The treaty will be formally signed by European leaders in mid-December
The agreement in Lisbon was sealed shortly after midnight after objections from Italy and Poland were overcome.
The treaty is designed to replace the European Constitution that was rejected by French and Dutch voters in 2005 and will be formally signed on 13 December.
It includes the creation of a new longer-term president of the European Council and an EU foreign policy chief.
If what will become known as the Treaty of Lisbon is ratified by all member states, it will come into force in 2009.
After seven hours of talks, EU leaders emerged embracing and slapping each other on the back in sheer relief that the most serious crisis in the bloc's 50-year history seemed to be over, the BBC's Oana Lungescu in Lisbon says.
In the last-minute negotiations, Italy gained an extra seat in the future European Parliament, returning it to parity with the UK and restoring Italian national pride, our correspondent says.
Poland secured a guarantee that small groups of countries would be able to delay EU decisions they do not like - a victory for the Polish government just days before Sunday's early parliamentary election, she adds.
Earlier, Austria reached a deal over its bid to maintain quotas for foreign students, with the European Commission agreeing to suspend for five years its legal action over the country's quota.
Bulgaria also won the right to call the EU single currency the "evro", rather than euro, in its Cyrillic alphabet.
The new Reform Treaty is designed to speed up decision making in the expanded European Union.

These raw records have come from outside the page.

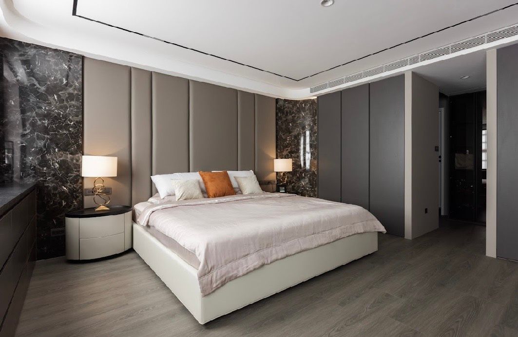 臥室臥室家具則回歸安定,低背床架與內下崁結構,讓視覺重心降低,營造沉靜的睡眠氛圍,床頭櫃以簡潔比例搭配實用收納,維持整體空間的純粹與一致。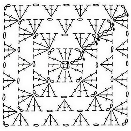 Чуть выше представлена схема мотива, она очень простая. Может возникнуть сложность только в том, как лучше делать переходы на новый ряд. Поэтому покажу этот момент подробно. Я нарисовала свою схему, где показала переход. И ещё покажу на фото, как я это делала.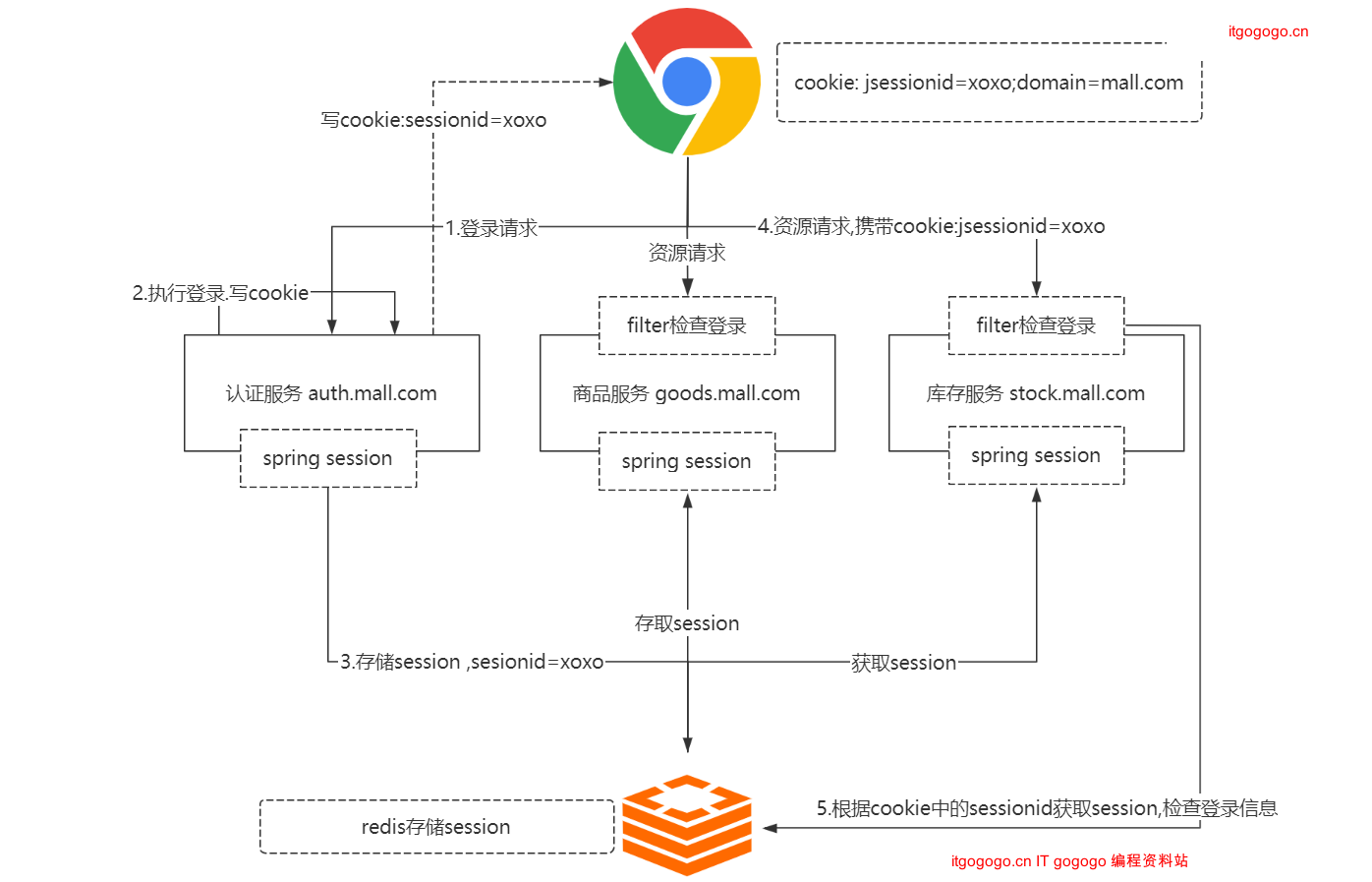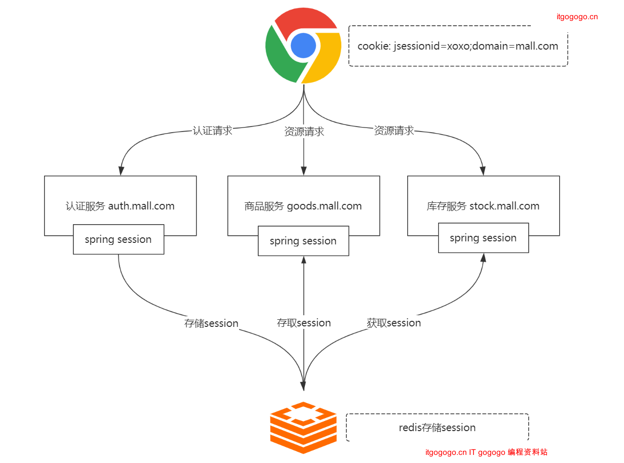 SpringSession干的工作就是修改getSession和setSession方法基于Redis存取Session,同时要注意的是Session是通过Cookie传递sessionid的,如果要让多个服务都能接受到sessionid拿到session,需要把cookie的存储域扩大,如有三个系统“auth.mall.com”,“goods.maill.com”,“stock.mall.com”,那我们需要把domian设置成“mall.com”,这样一来浏览器带着cookie请求任何一个系统都可以获取到sessionid,然后从Redis中获取Session。

It will also create a new president of the European Council, a new EU foreign affairs chief, a reformed voting system and scrap vetoes in dozens of areas.
However, the 250-page document has been stripped of any trappings of a super-state, such as the mention of the EU anthem and flag.
It amends, rather than replaces, existing EU treaties, a point which some countries - notably the UK - have argued means there is no need for national referendums on the document.
After the agreement was reached, Jose Socrates, the prime minister of Portugal, which holds the rotating presidency, said Europe had emerged from an "institutional crisis".
The UK government says the treaty respects Britain's "red lines"
"With this treaty, Europe is showing that the European project is on the move. Now we can look forward to the future with confidence," he added.
European Commission President Jose Manuel Barroso said the treaty was a "great achievement".
"I believe we have a treaty that will give us now the capacity to act," he said.
"Our citizens want results. They want to see in concrete terms what Europe brings them in their daily lives."
The UK government had little to say in Friday's negotiations.
Prime Minister Gordon Brown said the UK's "red lines", which his government had declared around various policy areas, had been secured.
"The British national interest has been protected," he added.
On Thursday, Mr Brown once again ruled out a referendum on the treaty.
Despite pressure in the UK and several other countries for a popular vote, only Ireland is legally bound to hold a referendum, and most governments will do what they can to avoid another embarrassing failure, our correspondent Oana Lungescu says.